Observe that if we modify squidward, spongebob is unchanged.

squidward[0,0] = 100
print(spongebob)
# [[ 0  1  2  3]
#  [ 4  5  6  7]
#  [ 8  9 10 11]]

By contrast, if we modify patrick, spongebob changes too.

patrick[0,0] = 100
print(spongebob)
# [[100   1   2   3]
#  [  4   5   6   7]
#  [  8   9  10  11]]

Array memory addresses

Another way to observe this is by looking up the memory address of the beginning of each array.

spongebob.__array_interface__  # {'data': (105553169745024, False), ...
squidward.__array_interface__  # {'data': (105553142497328, False), ...
patrick.__array_interface__    # {'data': (105553169745024, False), ...

It's clear that spongebob and patrick live at the same memory address, but the location of squidward is elsewhere.

Caution

The memory addresses listed here are the address of the beginning of each array.
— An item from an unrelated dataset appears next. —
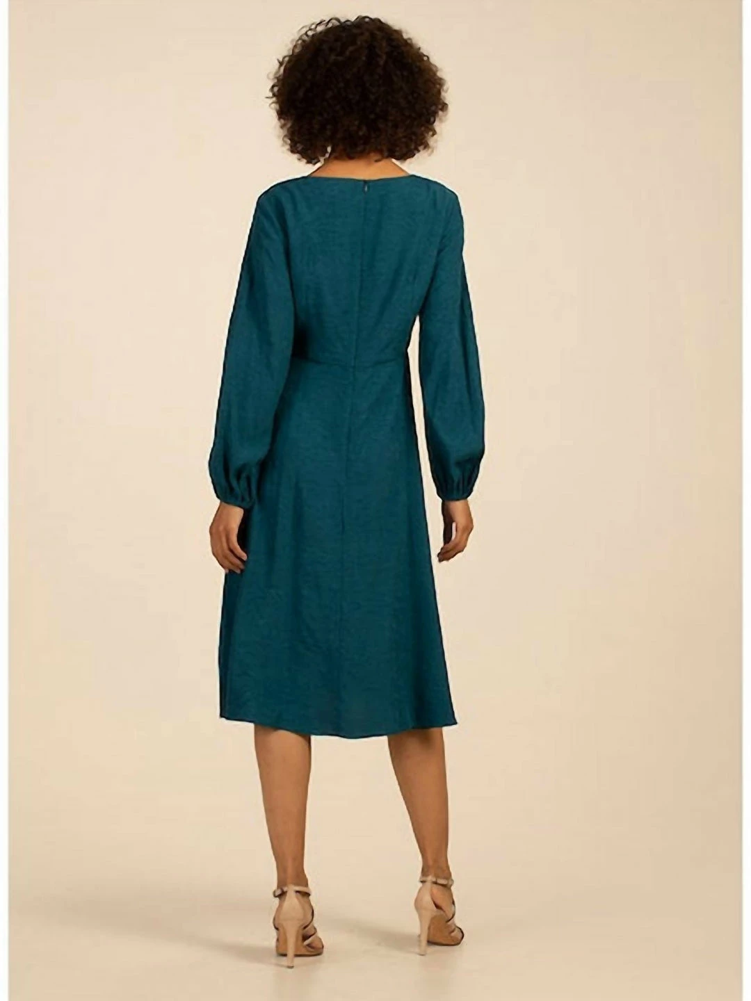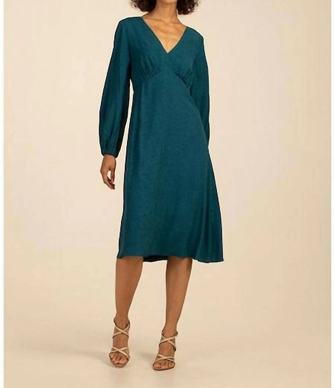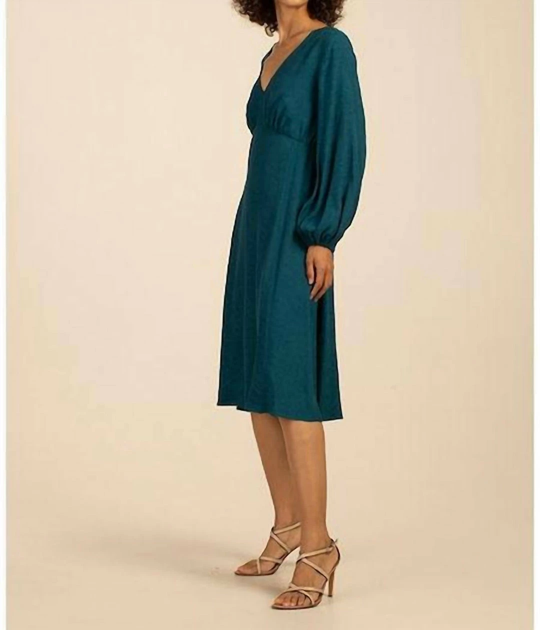 The Shanta dress from Trina Turk features an A-line silhouette with a gathered bust and long blouson sleeves. Flowing jacquard satin elevates the look.V-neckLong sleevesConcealed back zip closure100% viscoseDry cleanMade in USASIZE & FITAbout 46″ from shoulder to hemModel measurements – 5’10” tallModel is wearing a US size 4

If two addresses are different, the arrays don't start at the same place, but portions of the arrays may still overlap!

A better technique to check if arrays share memory is to use NumPy's shares_memory() function.

np.shares_memory(spongebob, squidward)  # False
np.shares_memory(spongebob, patrick)    # True

How to force copy an array

In, general, when you subset an array using nothing but slices, NumPy returns a view of the original array. You can force numpy to copy the data using the array copy() method like this.

spongebob[:, :2].copy()
Note

When you subset an array using at least one index array, numpy will automatically copy the data.